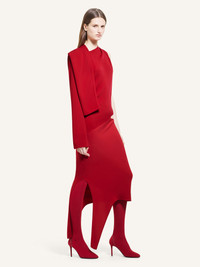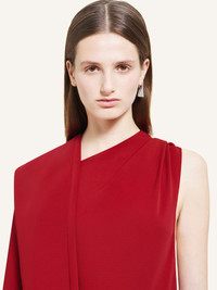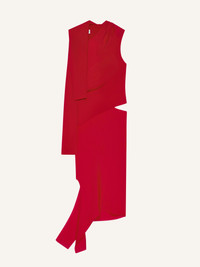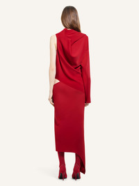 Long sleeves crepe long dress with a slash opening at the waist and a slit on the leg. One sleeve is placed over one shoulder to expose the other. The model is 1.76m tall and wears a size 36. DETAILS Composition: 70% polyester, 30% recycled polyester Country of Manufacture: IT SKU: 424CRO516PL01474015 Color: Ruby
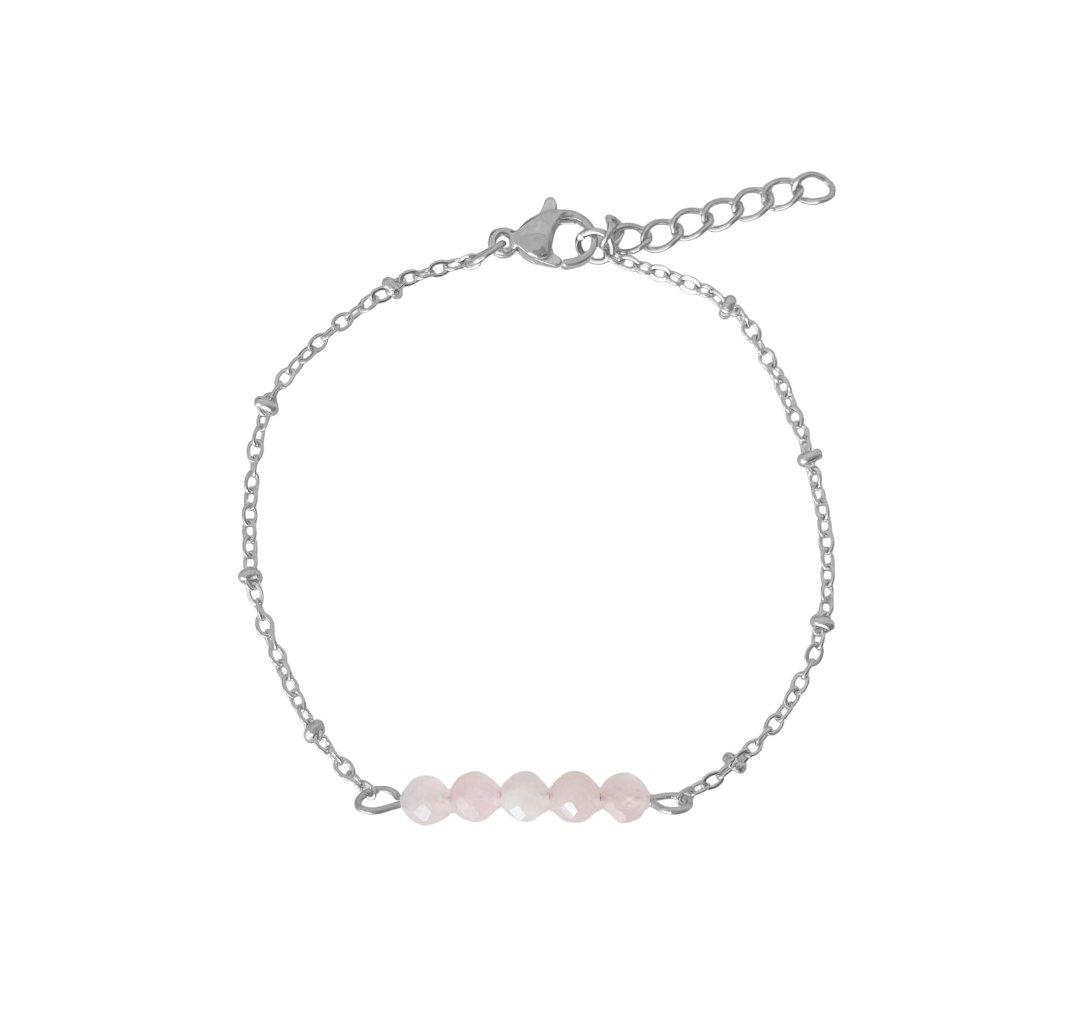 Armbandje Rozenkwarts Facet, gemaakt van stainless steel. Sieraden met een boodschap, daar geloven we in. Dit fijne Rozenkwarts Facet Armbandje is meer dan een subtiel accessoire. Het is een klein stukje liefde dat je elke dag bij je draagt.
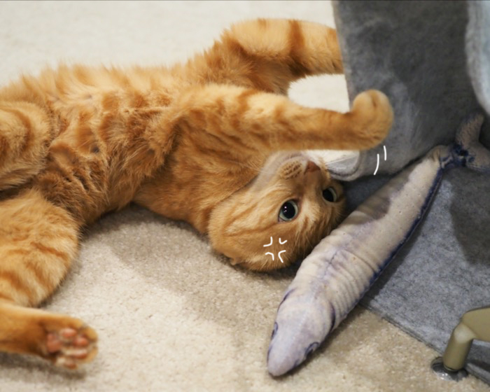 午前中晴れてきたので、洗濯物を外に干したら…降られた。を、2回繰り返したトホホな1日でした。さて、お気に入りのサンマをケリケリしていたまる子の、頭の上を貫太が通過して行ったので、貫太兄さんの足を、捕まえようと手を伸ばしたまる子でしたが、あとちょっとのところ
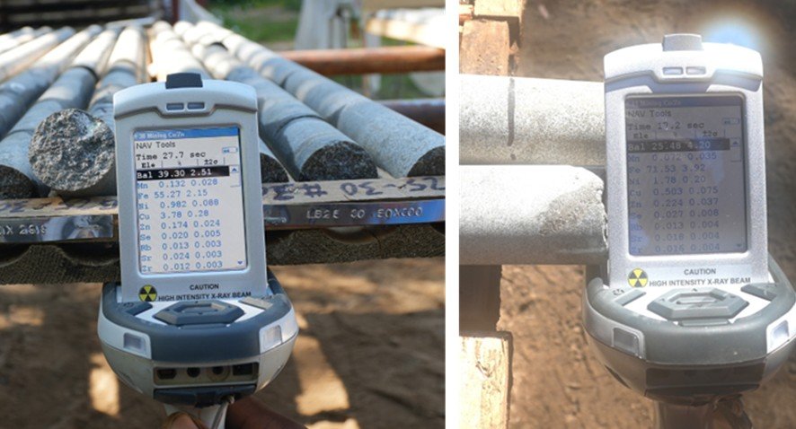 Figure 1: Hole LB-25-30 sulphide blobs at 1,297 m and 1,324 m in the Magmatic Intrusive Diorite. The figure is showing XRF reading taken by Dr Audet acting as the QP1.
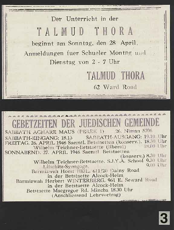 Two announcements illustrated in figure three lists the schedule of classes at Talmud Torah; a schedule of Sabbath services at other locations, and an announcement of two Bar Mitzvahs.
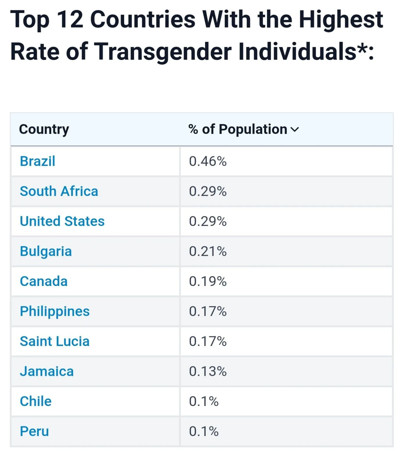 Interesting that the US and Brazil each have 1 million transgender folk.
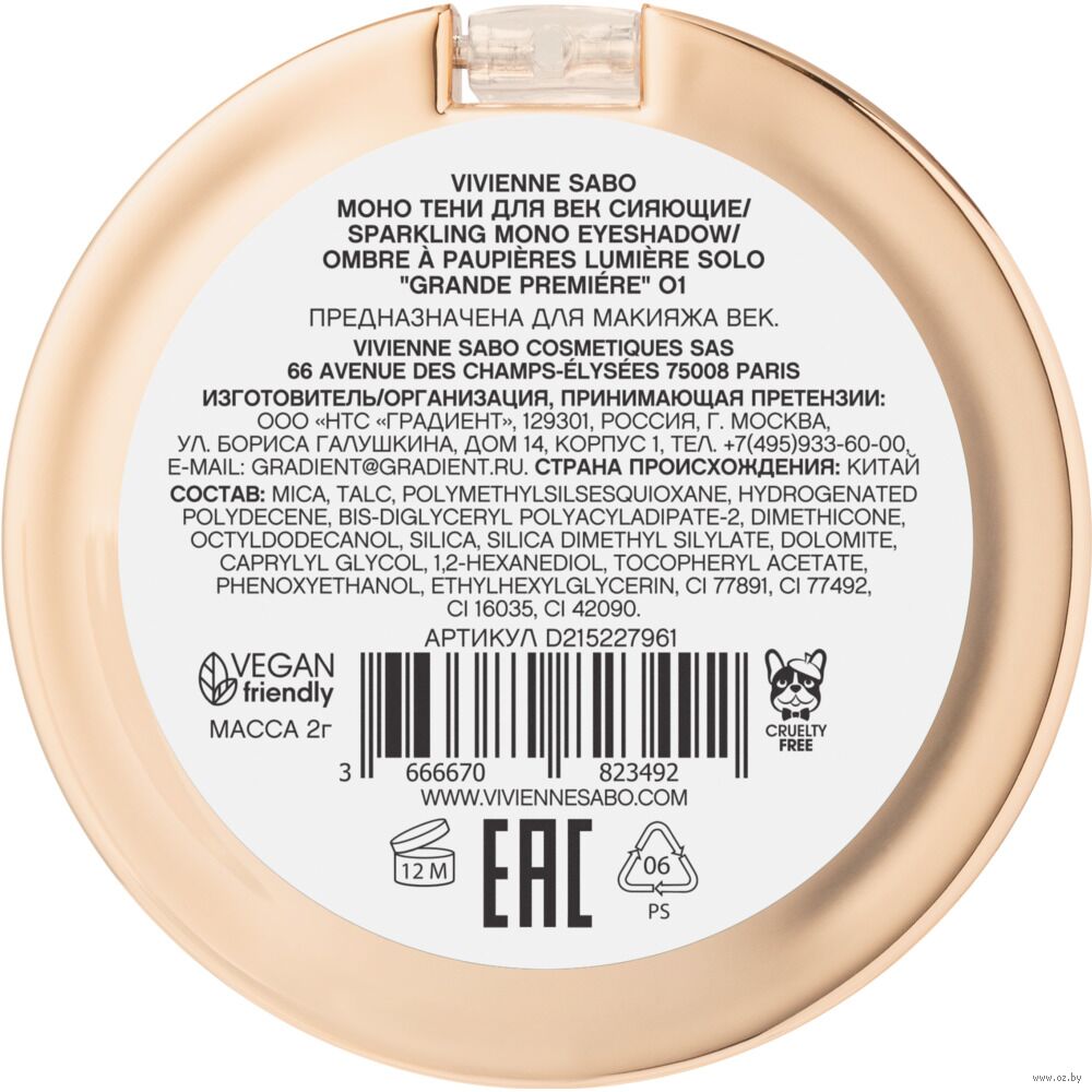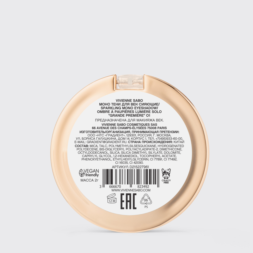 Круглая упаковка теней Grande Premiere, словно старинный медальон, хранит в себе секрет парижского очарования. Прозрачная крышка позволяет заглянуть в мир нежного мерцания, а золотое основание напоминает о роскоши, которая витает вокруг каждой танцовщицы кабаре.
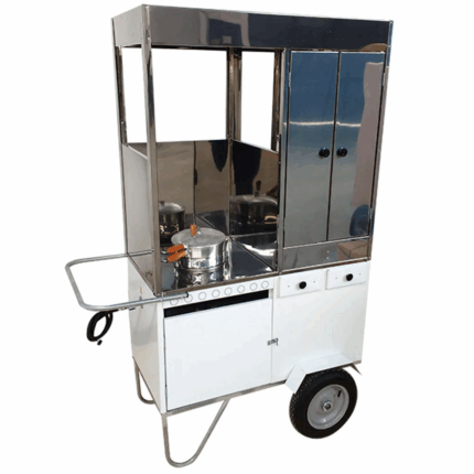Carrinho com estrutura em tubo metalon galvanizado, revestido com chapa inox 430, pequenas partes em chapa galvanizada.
--
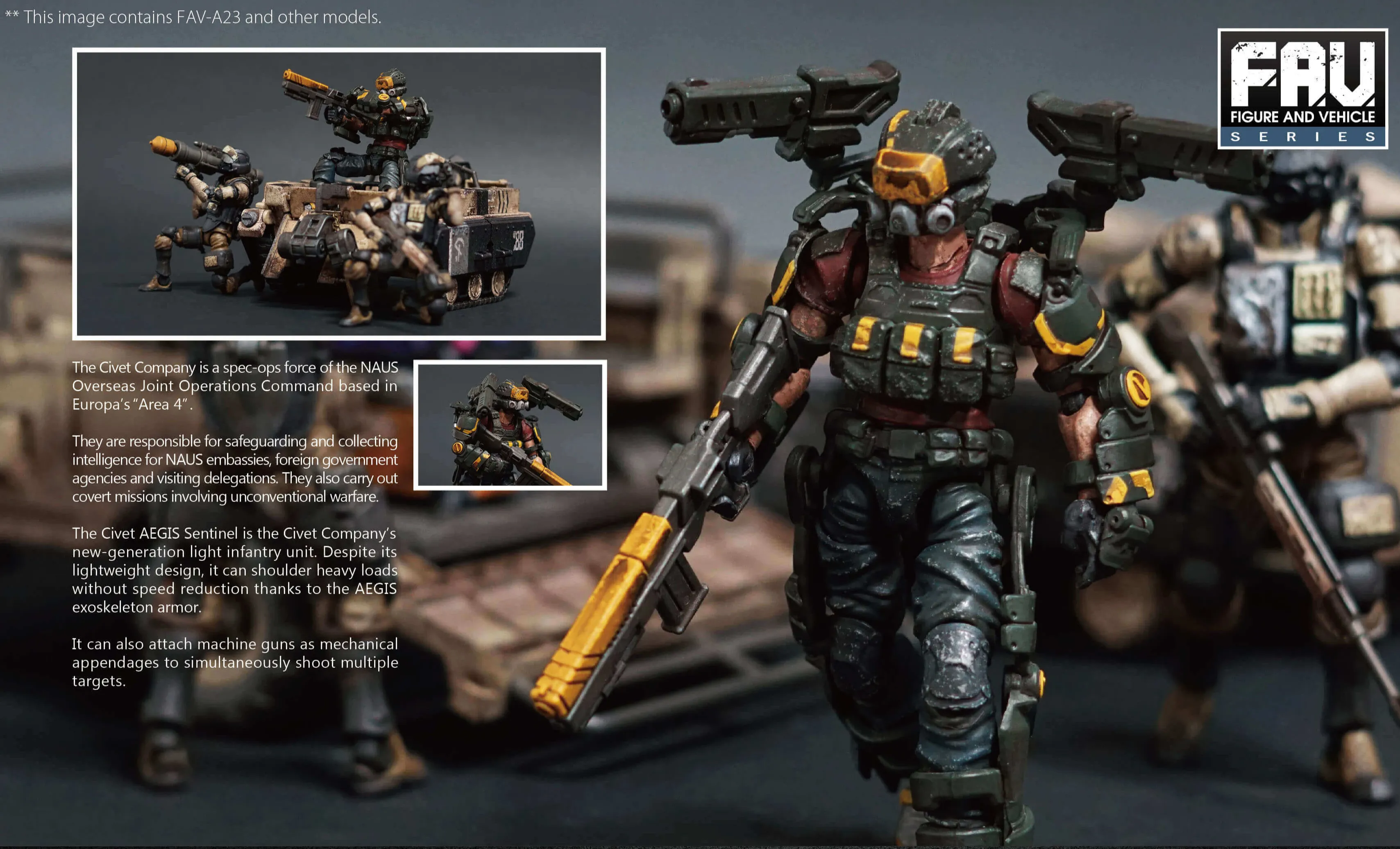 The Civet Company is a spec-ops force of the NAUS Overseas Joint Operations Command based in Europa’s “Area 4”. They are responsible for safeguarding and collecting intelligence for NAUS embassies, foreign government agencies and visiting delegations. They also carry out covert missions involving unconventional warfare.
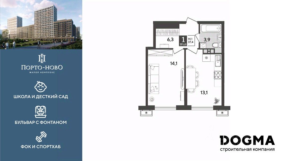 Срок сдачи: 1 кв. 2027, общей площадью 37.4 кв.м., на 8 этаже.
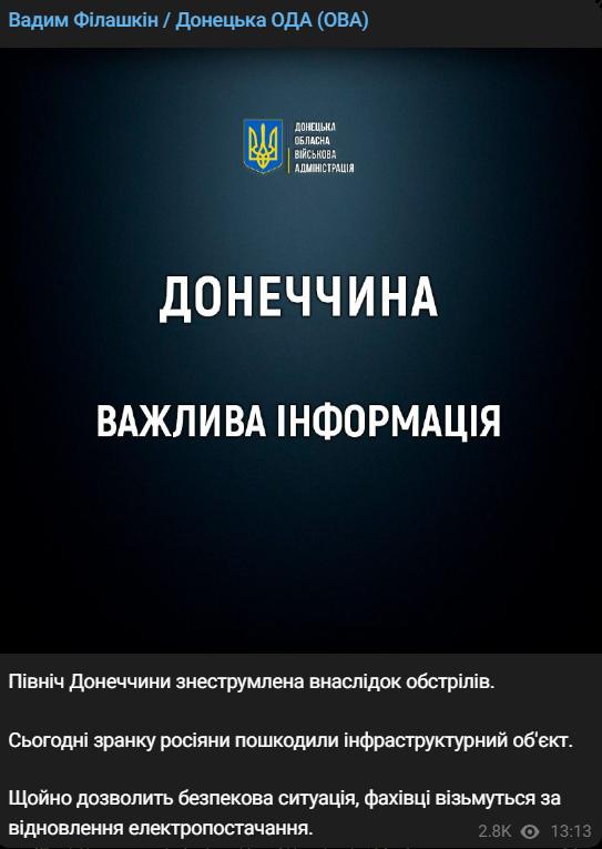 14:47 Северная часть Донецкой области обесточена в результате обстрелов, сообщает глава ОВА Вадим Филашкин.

### How to complete this task
Having found the line with "Figure 1: Hole" and the line with "Carrinho com estrutura" in the material above, write out exactly those two and every line between, leaving the pictures out.

### Response box
 Figure 1: Hole LB-25-30 sulphide blobs at 1,297 m and 1,324 m in the Magmatic Intrusive Diorite. The figure is showing XRF reading taken by Dr Audet acting as the QP1.
 Two announcements illustrated in figure three lists the schedule of classes at Talmud Torah; a schedule of Sabbath services at other locations, and an announcement of two Bar Mitzvahs.
 Interesting that the US and Brazil each have 1 million transgender folk.
 Круглая упаковка теней Grande Premiere, словно старинный медальон, хранит в себе секрет парижского очарования. Прозрачная крышка позволяет заглянуть в мир нежного мерцания, а золотое основание напоминает о роскоши, которая витает вокруг каждой танцовщицы кабаре.
Carrinho com estrutura em tubo metalon galvanizado, revestido com chapa inox 430, pequenas partes em chapa galvanizada.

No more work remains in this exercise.